Da euforia à decepção: A montanha-russa de Gabigol no Cruzeiro em 2025
A chegada de Gabriel Barbosa, o Gabigol, ao Cruzeiro em 2025 foi cercada de expectativas. O sonho do então investidor Pedro Lourenço, que via no atacante o rosto de um projeto vencedor, materializou-se em um anúncio oficial em 1º de janeiro, após a assinatura de um pré-contrato. A apresentação, no dia 4 de janeiro, foi um espetáculo à parte, com mais de 40 mil torcedores lotando o Mineirão para recepcionar um dos maiores ídolos recentes do futebol brasileiro. O clima era de euforia, com a promessa de um futuro glorioso para a Raposa.

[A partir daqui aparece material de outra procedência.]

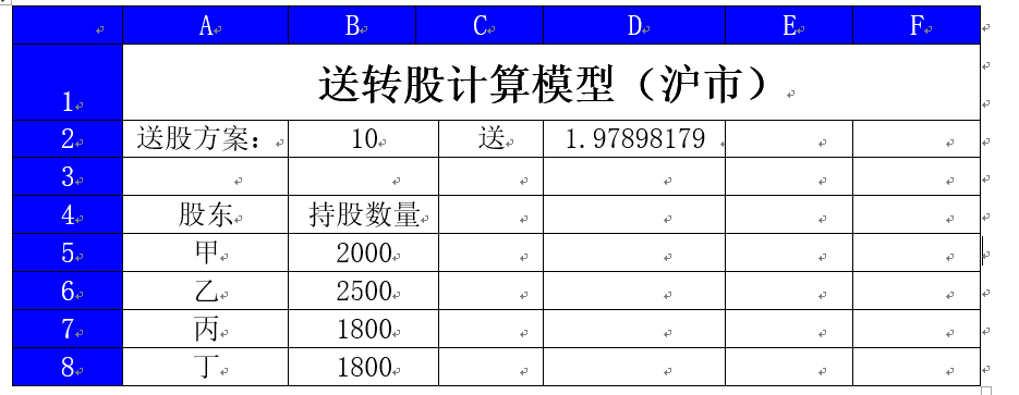 针对以上分析,笔者将运用EXCEL构建送转股计算模型。

Início promissor, mas com sinais de alerta
Gabigol começou a temporada como titular absoluto, após período de preparação física. Os primeiros gols oficiais vieram rapidamente, e o atacante chegou a brigar pela artilharia do Campeonato Mineiro. No entanto, uma expulsão infantil em clássico contra o Atlético-MG já acendia um sinal de alerta. Com a chegada do Campeonato Brasileiro e a troca de comando técnico para Leonardo Jardim, a trajetória do camisa 9 começou a mudar drasticamente. Apesar de estrear com gol, Gabigol perdeu sua vaga no time titular em abril, e a partir daí, nunca mais recuperou a condição de peça fundamental.
Perda de protagonismo e fim de ano melancólico
Nos últimos oito meses da temporada, Gabigol atuou como titular em apenas 11 partidas, muitas vezes por ausência de outros jogadores ou por rodízio do elenco. Ao todo, foram 38 jogos com a camisa celeste em 2025, com seis gols e quatro assistências. Embora tenha tido momentos de brilho, decidindo jogos importantes com gols, o fim do ano foi particularmente amargo. O atacante completou mais de dois meses sem balançar as redes, com seu último gol marcado em 5 de outubro. O jejum se estendeu por 11 jogos, sem sequer uma assistência.
O pênalti decisivo e a incerteza sobre o futuro
O capítulo final da temporada de 2025 foi o mais doloroso. Na semifinal da Copa do Brasil, diante do Corinthians, Gabigol foi acionado nos minutos finais, com a clara intenção de ser um dos cobradores de pênalti. A responsabilidade recaiu sobre seus ombros, mas o atacante desperdiçou a cobrança crucial, defendida por Hugo Souza. A eliminação do Cruzeiro veio na sequência, e as críticas ao jogador foram imediatas e intensas. Um protesto em Belo Horizonte culminou na pichação de um muro na Toca da Raposa 1, com uma mensagem hostil. Atualmente, a permanência de Gabigol no Cruzeiro para 2026 é vista como improvável, apesar de seu contrato longo e um dos maiores salários do país, o que pode dificultar negociações. O sonho que parecia concreto em maio de 2024 se distanciou da realidade, ao menos até o fim de 2025.